The case is this; In 'struct lpfc_hba' we have
#define LPFC_MAX_HBQS 4
...
struct lpfc_hba {
...
struct hbq_s hbqs[LPFC_MAX_HBQS];
...
};
But then in lpfc_sli_hbqbuf_find() we have this code
hbqno = tag >> 16;
if (hbqno > LPFC_MAX_HBQS)
return NULL;
if 'hbqno' ends up as exactely 4, then we won't return, and then this
list_for_each_entry(d_buf, &phba->hbqs[hbqno].hbq_buffer_list, list) {
will cause an overflow of the statically allocated array at index 4,
since the valid indices are only 0-3.
I propose this patch, that simply changes the 'hbqno > LPFC_MAX_HBQS'
into 'hbqno >= LPFC_MAX_HBQS' as a possible fix.

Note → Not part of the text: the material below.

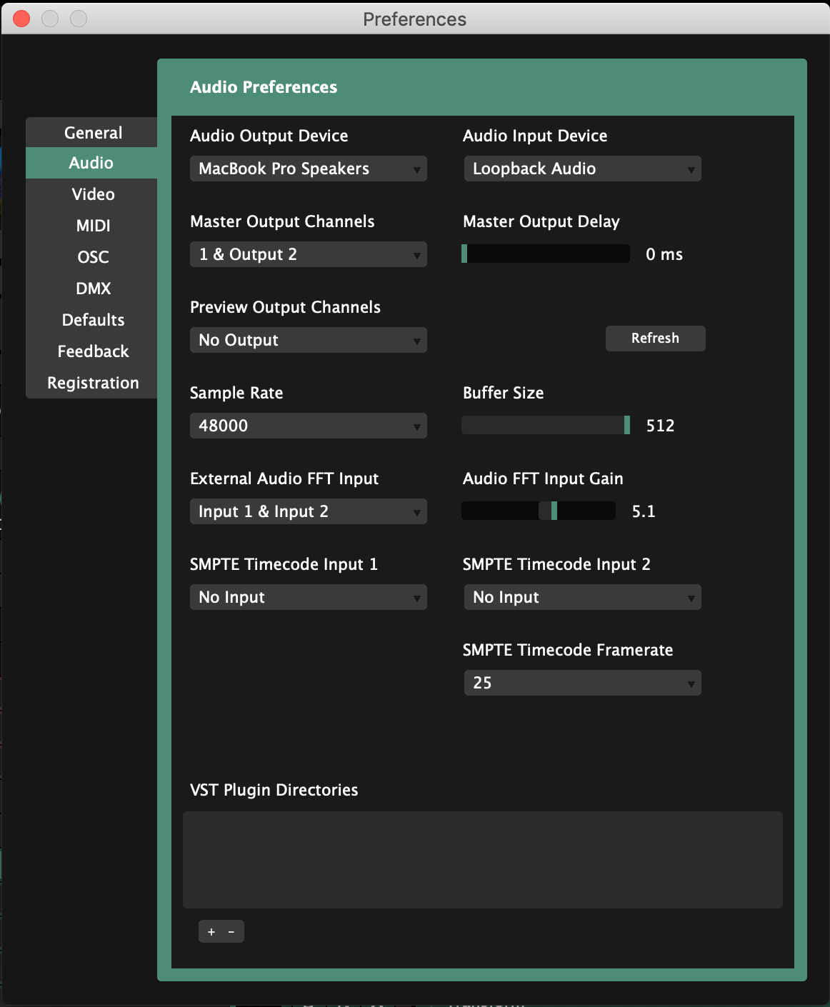Installed Loopback (latest version, but in Trial mode), runs great, audio playing. When I start Arena (7.0.5) with audio settings (see below) audio stops, although I can see the audio streaming through Loopback. When I change the External Audio FFT Input I get sound for a split second then nothing. Also if I create a new passthru source in Loopback, audio returns but it's not feeding into Resolume.

Signed-off-by: Jesper Juhl <jesper.juhl@xxxxxxxxx>
Acked-by: James Smart <james.smart@xxxxxxxxxx>
Cc: James Bottomley <James.Bottomley@xxxxxxxxxxxx>
Signed-off-by: Andrew Morton <akpm@xxxxxxxxxxxxxxxxxxxx>
---
drivers/scsi/lpfc/lpfc_sli.c | 2 +-
1 files changed, 1 insertion(+), 1 deletion(-)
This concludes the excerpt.